1. Patient
This study was performed with the approval of the Ethics Committee of Chang Zheng Hospital, and informed consent was obtained in accordance with the Declaration of Helsinki. A 70-year-old male patient was diagnosed with stage III of International Staging System (ISS), stage IIIA according to Durie–Salmon (DS) staging system multiple myeloma. Bone marrow aspiration showed that plasma cells accounted for 97.5% of the bone marrow cell. His myeloma cell secreted monoclonal protein of immunoglobulin D, kappa chain. The serum IgG was 3.39 g/L, IgA 0.26 g/L, IgM 0.18 g/L. We used pleural effusion cells at the time of cell collection for this experiment.
2. Cell culture and establishment of cell line.
Pleural effusions specimens were obtained from the patient and mononuclear cells were separated by Ficoll density sedimentation. CD138 + cells were isolated using CD138 magnetic beads and cultured in RPMI-1640 medium (Gibco, USA) supplemented with 10% FBS (Gibco, USA), penicillin (100 U/mL), and streptomycin (100 µg/mL). They were cultured in an incubator under an atmosphere with 5%CO2 at 37℃. Culture medium was exchanged every 2–3 days to maintain optimal cell growth.
3. Morphology and cytogenetic analysis.
Cytospin preparations were routinely prepared and harshly treated (87 °C for 10 minutes, then cooling to 70 °C) before stained by Giemsa to regularly assess the cell type morphology and the presence of mitoses. Cell morphology was examined using light microscopy.
4. FISH analysis
Interphase fluorescent in situ hybridization (FISH) was performed on CZ2 by using the Fluorescent in situ Hybridization Kit (Cytocell, UK), according to the manufacturer’s instructions. Commercial FISH probes targeting 1q21, del 13q14(RB1 gene), del 17p13(TP53 gene), and t (4;14) were used. At least 200 interphase cells with intact nuclei were evaluated for each probe. Positive nuclear staining in more than 20% of the cells was considered positive.
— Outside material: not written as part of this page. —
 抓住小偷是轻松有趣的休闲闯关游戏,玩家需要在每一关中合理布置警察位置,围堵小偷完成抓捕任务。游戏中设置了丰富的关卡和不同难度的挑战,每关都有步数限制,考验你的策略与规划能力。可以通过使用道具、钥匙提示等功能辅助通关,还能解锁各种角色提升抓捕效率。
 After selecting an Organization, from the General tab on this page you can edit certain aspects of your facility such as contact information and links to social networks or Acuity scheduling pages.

5. Immunophenotypic analysis by flow cytometry
For immunophenotypic characterization of CZ2 cells, the following antibodies were used: CD1a, CD19, CD20, CD21, CD25, CD3, CD28, CD33, CD38, CD45, CD56, CD117, CD138, CD4, CD13, CD27, CD5, CD8, CD9, CD10, CD24, CD15, CD34, CD44, CD89, CD95, CD98, CD96, CD105, CD184, HLA-DR; cytoplasmic κ and γ light immunoglobulin (Ig) chains.
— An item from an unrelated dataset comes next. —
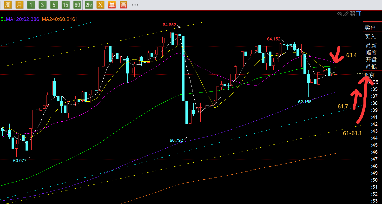 白银方面:针对白银,日线仍处于单边趋势逼空拉升中,则日内继续保持顺势看涨为主,只多不空原则; 小时线中轨阻力63.4,这里未突破站上之前,则等待回踩61.7、61-61.1上逢低企稳; 只要日线仍处于10均线之上,那么就还是逼空状态,同时也意味着黄金很难深度调整;

6. Immunoglobulin secretion
To measure the secretion of free immunoglobulin light chains in serum and culture medium of CZ2, the nephelometric technique was used and performed on a Siemens BNII nephelometer (Siemens Healthcare Ltd.).
7. Virus detection
The presence of Epstein–Barr virus (EBV) was examined using EBV Polymerase Chain Reaction (PCR) Fluorescence Detection Kit (Huirui Biotechnology, Shanghai, China). PCR was carried out using an LightCycler480 II (Roche, USA) for 40 cycles.
8. Western Blotting Analysis
The whole cell protein from CZ2 and other MM cells were collected and resolved in 10% SDS-PAGE gels and then electrotransferred to polyvinylidene difluoride membranes (Millipore, USA). Rabbit polyclonal anti-CKS1B antibody (1:500, Invitrogen), rabbit polyclonal anti-PARP antibody (1:1000, Beyotime), rabbit polyclonal anti-caspase3 antibody (1:1000, Beyotime) were used as primary antibodies while horseradish peroxidase-conjugated goat anti-rabbit IgGs (1:3000, Santa Cruz) was used as secondary antibodies. After treating with the secondary antibodies, protein bands were detected by enhanced chemiluminescence.
9. Cell viability analysis
The MTT assay was used to measure the cell viability of CZ2 and other MM cells. These cells were seeded in 96-well plates and transfected with CKS1B siRNA or control siRNA. After 48 h or 72 h of treatment, 10 µl of the viability reagent MTT was added to each well. The plates were incubated in an incubator at 37℃ for 2 hours. The medium was then discarded and 200 µl DMSO was added to each well. The absorbance at 570 nm was then determined with a microplate reader (Tecan, Spark, Switzerland).